It finally happened.
After two years of unrelenting attacks, orders to lawyers, and reams of hysterical tweets, President Donald Trump has achieved his most cherished goal:
He fired U.S. Special Counsel Robert Mueller, in concert with much of the jaded Washington establishment, including Democrats.
The cause: Mueller was insufficiently entertaining.
The reaction is telling. By hyping the hearings to the sky and then treating Mueller’s testimony as the failed finale of "Game of Thrones," Democrats fell into playing by Trump’s rules.
They capitulated to the "Celebrity Apprentice" president’s view of governing: That if something doesn’t succeed on television, you’re cancelled. It’s why Trump is playing two roles, president and press secretary, providing the glossy, entertaining version of whatever this person called the president’s just done. He then watches himself describing himself, interrupted occasionally by lunch or a rally he can be almost certain ratings-hungry cable news will carry. Before bed, he’ll watch Fox to bask in their four-star reviews and get his script for the next day.
It’s a game Democrats shouldn’t touch.
Trump commands the ultimate stage set at 1600 Pennsylvania Avenue with a shameless hucksterism and willingness to lie for no reason other than to tell a better story. By competing with Trump, while lacking his razzle or dazzle, they were let down by their own hearings.
They couldn’t see that Mueller confirmed enough high crimes and misdemeanors to impeach a dozen presidents. Only one new Democrat came out immediately afterward for impeachment.
By contrast, Trump was so confident he’d escaped the noose once again that he moved on quickly to crowing about the Supreme Court OKing his wall, attacking civil rights hero Rep. Elijah Cummings for representing a veritable s-hole, and play-acting a rescue of A$AP Rocky from the Swedes.
By Friday afternoon, Judiciary Chair Jerrold Nadler had recovered from Wednesday's fainting spell enough to announce something resembling impeachment. This after Nadler wasted three months since the April 18 report came out waiting for Mueller to do their job for them. Democrats blamed public confusion over the report on the fictional rendering of its contents by Attorney General William Barr. But they added to that confusion by failing to highlight the motherlode that Mueller published.
Look for more confusion. Each member who took to the podium after Nadler’s announcement had a different idea of what he’d just said. It’s not impeachment, despite a word salad which included that word, along with, interchangeably, “inquiry” and “investigation.” One clue that it’s not close is that nothing happens without Pelosi’s approval and she said again Friday that the time isn’t right for it—for “sophisticated” but otherwise unspecified reasons.
That leaves us with something less than impeachment but more than oversight which means that the House is as mistaken about their powers under Article 1 of the Constitution as Trump is about his being unlimited under Article 2.

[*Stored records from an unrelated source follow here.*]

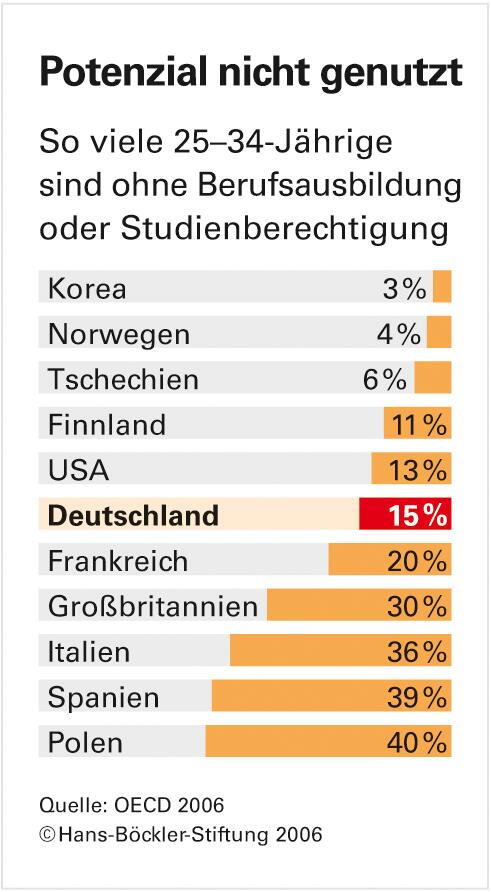 Der Stillstand in Deutschland führt dazu, dass sich weiterhin etwa 14 bis 16 Prozent ohne Qualifikationen auf dem Arbeitsmarkt behaupten müssen. Dabei ist es durchaus möglich, die Quote der schlecht Ausgebildeten deutlich zu reduzieren. Die OECD-Staaten in Ostasien machen das vor.
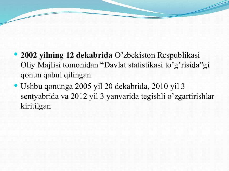 2002 yilning 12 dekabrida O’zbekiston Respublikasi Oliy Majlisi tomonidan “Davlat statistikasi to’g’risida”gi qonun qabul qilingan Ushbu qonunga 2005 yil 20 dekabrida, 2010 yil 3 sentyabrida va 2012 yil 3 yanvarida tegishli o’zgartirishlar kiritilgan
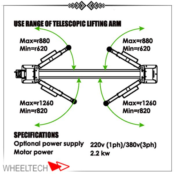 • ارتفاع جک 2824 میلی متر، عرض جک 3365 میلی متر و توان بالابری 1930میلی متر است.
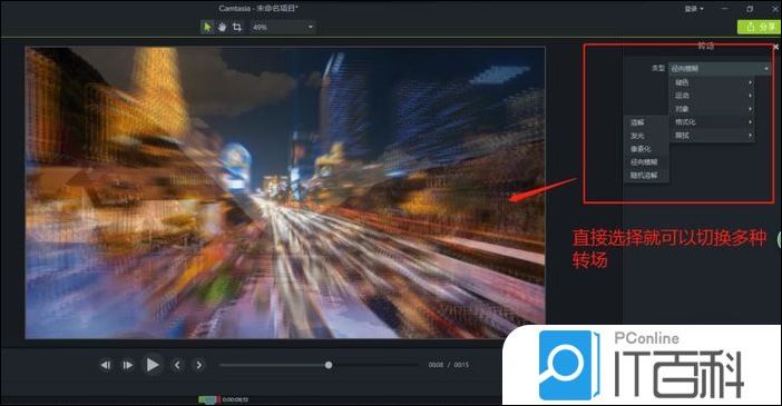 在Camtasia 9中有那么多的转场,我们怎么知道哪个转场适合我们的视频效果呢?这时候就需要更改切换多种转场来预览找到你想要的那个转场效果了。

The magic words are "articles of impeachment," which are the set of charges drafted against a public official which, if approved by the House, end with a vote in the Senate. If Democrats have learned anything from the hash they’ve made of holding Trump accountable so far, it is to get out ahead of the Senate’s inevitable, craven acquittal. It heightens the need to defeat him in November.
When Mueller returned in the afternoon to talk about Russia and the underlying crime, he was like Benjamin Button having aged backwards, sharper and more expansive as he warned that Russia not only heeded Trump’s request for help in 2016 but was planning on providing it again "as we sit here."
Coming from Mueller, that was like taking center stage and chewing the scenery.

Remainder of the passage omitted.